Я поторопилась найти Донну и приказала ей послать сообщение Чануси насчет того, что обе плотины непременно должны содержаться в порядке, даже если всем будет казаться, что Тэм никогда в жизни больше не сможет сделать ни одного горшка. Даже если Тэм потребует, чтобы они затопили залежи глины. Даже если он покинет Пекавар и уйдет домой.

И никто, кроме него, не должен использовать эту глину.

Часть вторая
ШЕФ-ПОВАР ВОЛШЕБНОГО ДВОРЦА

Гинимой показался мне еще более грязным и задымленным, чем в прошлый раз, когда мы заходили сюда. Во время войны его бесчисленные мастерские работали с большой интенсивностью, и с наступлением мира многие производства продолжали получать прибыли испытанным способом, только со свежим притоком сил и капитала. Кроме того, чтобы использовать мощности переоборудованных цехов, начались поиски новых путей развития промышленности.

Стали развиваться новые направления в металлургии и кузнечном деле.

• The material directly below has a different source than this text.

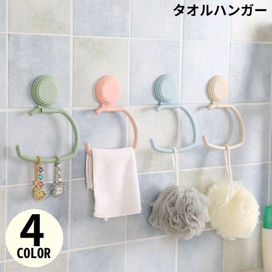 4カラーから選べる壁掛け粘着式のタオルハンガーです。
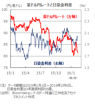 ■豪ドルの対円レートは、足元で軟調に推移しています。中国経済の先行きに対する不透明感、それに端を発する金融市場の混乱から、いわゆる「リスクオフの円高」が進んだためです。1月中旬から同月末にかけては、失業率や雇用者数、小売売上高といった豪州国内の景気指標が市場予想を上回ったことから豪ドルは上昇しましたが、2月に入ると再び中国経済への懸念の高まりや、全般的なリスク回避の流れのなかで、弱含みの推移となっています。

Были получены новые химические соединения, а также новые композиции на основе уже известных веществ (в основном зажигательные смеси и взрывчатые вещества). Из угля и других горных пород получали газы. Проводились испытания.

Главным образом испытания велись в воздухе – легко можно было унюхать их результаты. И увидеть тоже. Тот воздушный шар, который украсил нашу Большую регату, был сделан как раз в Гинимое. Во время нашей стоянки здесь шли испытания другого воздушного шара, который также накачивали нагретым воздухом. Из его пассажирской корзины выступали деревянные «лопасти». Приводимые в движение сжатым воздухом, лопасти со свистом вращались – это усовершенствование позволяло шару двигаться против ветра, хотя и довольно медленно. Конечно, такой способ управления не мог быть очень надежным. Однажды я видела, как по дымному небу шар несло ветром по направлению к реке, а лопасти не вращались. Потом вдруг мерцающее пламя над корзиной погасло и воздушный шар стал быстро падать. Но перед самым столкновением с землей пламя снова взметнулось, и шар удержался в воздухе, из корзины выбросили веревку с якорем, который успел зацепиться за крышу дома.

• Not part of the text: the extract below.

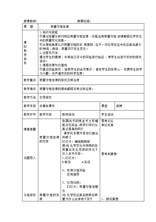 【内容简介】天津市宝坻区牛道口初级中学人教版九年级化学上册《5.1质量守恒定律》教案
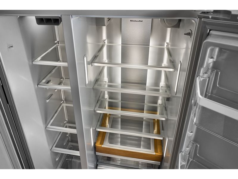 Make room for every grocery run and farmers market haul with this large capacity counter-depth side-by-side refrigerator from KitchenAid brand. Counter-depth design fits with surrounding cabinetry to create a built-in appearance. Panoramic LED Lighting illuminates every angle to keep ingredients in sight and easy to find. And an Exterior Ice and Water Dispenser with Measured Fill allows you to select and dispense the exact amount you need in ounces, cups or liters.

И все же из всех отраслей промышленности меня больше всего интересовала отливка типографских шрифтов. Пока я руководила тем, что получило название «контакт с Червем» – священным питьем порций черного течения, – Пэли занималась поисками в городе. (Можно считать, что я тоже находилась в городе. Но на самой окраине. Потому как у мужчин не было возможности подняться на борт «Красотки Джилл», для меня поставили палатку на пристани, так же как в Ганга и у Ворот Юга.)

Я безуспешно пыталась отговорить Пэли от попыток подражать акценту жителей Порта Барбры – они пришепетывали, смягчали и проглатывали согласные, будто не договаривая слова. В минуты волнения у нее это не получалось; и потом, ведь комплект шрифта заказывал Стамно, а не какая-то женщина из Барбры. (По крайней мере так он утверждал.) Но идея маскировки пришлась Пэли очень по вкусу. Она закуталась длинным шарфом, накинув его на голову на манер барбрианского капюшона, и шныряла по улицам Гинимоя, нацепив на лицо маску. Я уверена, что в таком наряде она, наоборот, выделялась из толпы, как нарост на гладком стволе дерева К тому времени как мы оказались в Гинимое, лето было уже в разгаре. Здесь не было так жарко и душно, как на самом юге, однако воздух был почти неподвижен. Солнце постоянно затягивала пелена смога, который прижимал к земле горячие испарения плавилен, поэтому температура была выше, чем обычно в это время года.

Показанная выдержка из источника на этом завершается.